_Dataset content_
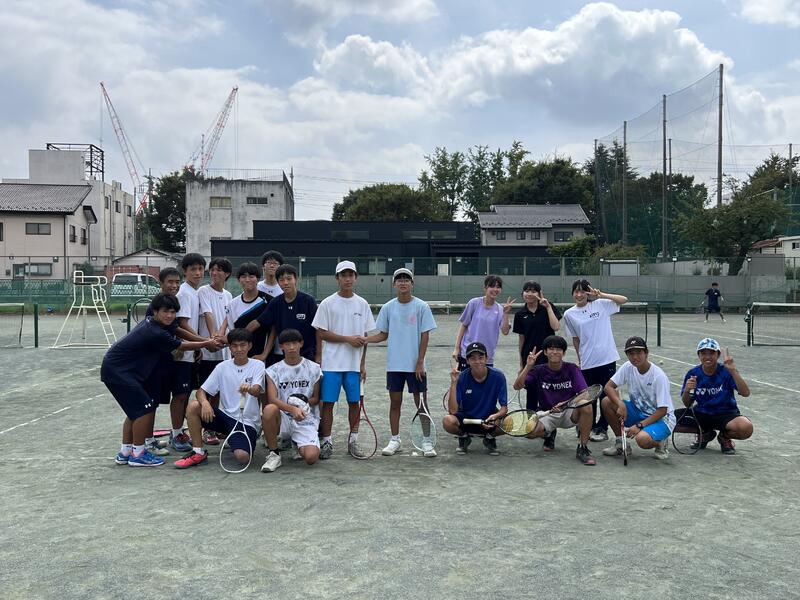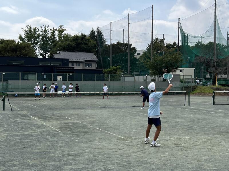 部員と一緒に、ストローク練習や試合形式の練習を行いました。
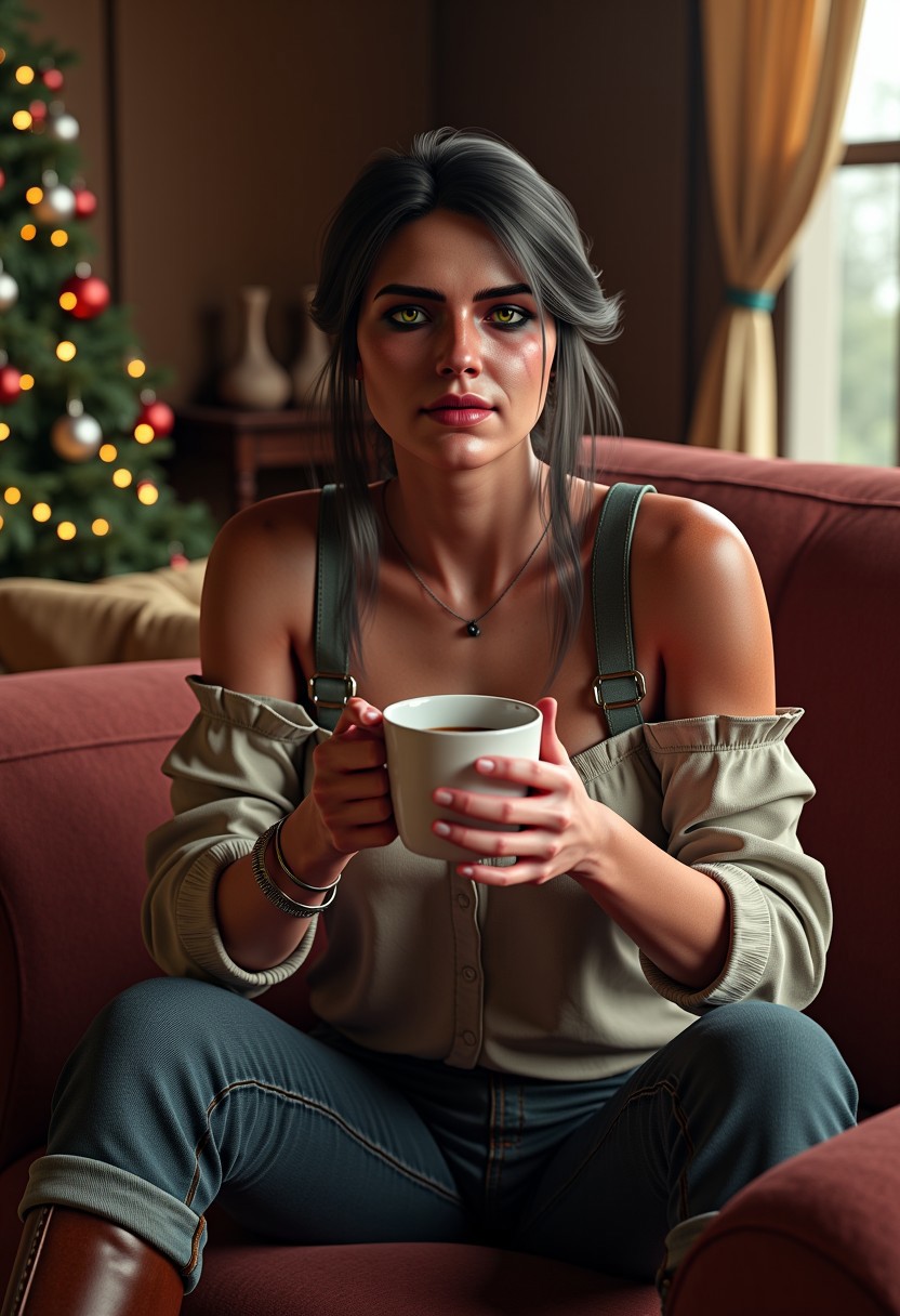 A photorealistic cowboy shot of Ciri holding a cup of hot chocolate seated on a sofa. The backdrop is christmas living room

==

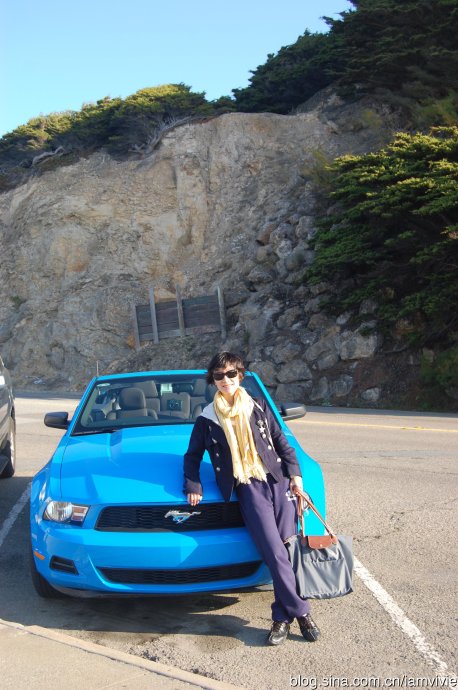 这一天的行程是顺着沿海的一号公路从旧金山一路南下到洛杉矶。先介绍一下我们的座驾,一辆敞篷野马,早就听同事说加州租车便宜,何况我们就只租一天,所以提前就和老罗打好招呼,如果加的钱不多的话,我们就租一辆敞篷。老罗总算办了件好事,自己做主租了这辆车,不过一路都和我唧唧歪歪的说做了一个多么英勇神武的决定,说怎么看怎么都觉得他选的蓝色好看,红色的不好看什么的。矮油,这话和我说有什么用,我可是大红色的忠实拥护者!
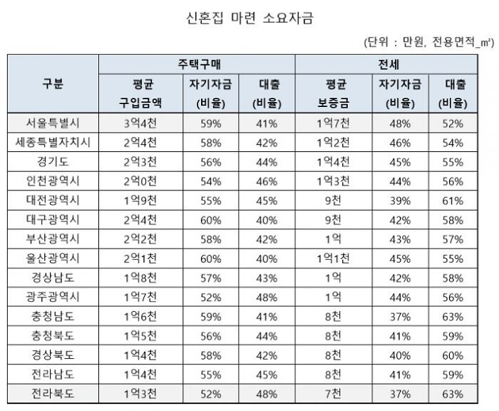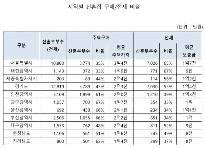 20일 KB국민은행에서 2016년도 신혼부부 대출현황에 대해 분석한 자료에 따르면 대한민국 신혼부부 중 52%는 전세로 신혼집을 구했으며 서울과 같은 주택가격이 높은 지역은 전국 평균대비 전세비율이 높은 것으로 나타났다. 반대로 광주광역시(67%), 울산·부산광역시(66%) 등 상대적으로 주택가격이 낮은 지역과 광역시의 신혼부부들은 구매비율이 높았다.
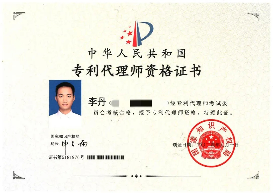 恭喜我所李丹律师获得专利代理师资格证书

_Assignment_
What you return must match the lines above from the one with "部員と一緒に、ストローク練習や試合形式の練習を行いました。" through the one with "A photorealistic cowboy" exactly, with both ends included and the pictures excluded.

_The answer_
 部員と一緒に、ストローク練習や試合形式の練習を行いました。
 A photorealistic cowboy shot of Ciri holding a cup of hot chocolate seated on a sofa. The backdrop is christmas living room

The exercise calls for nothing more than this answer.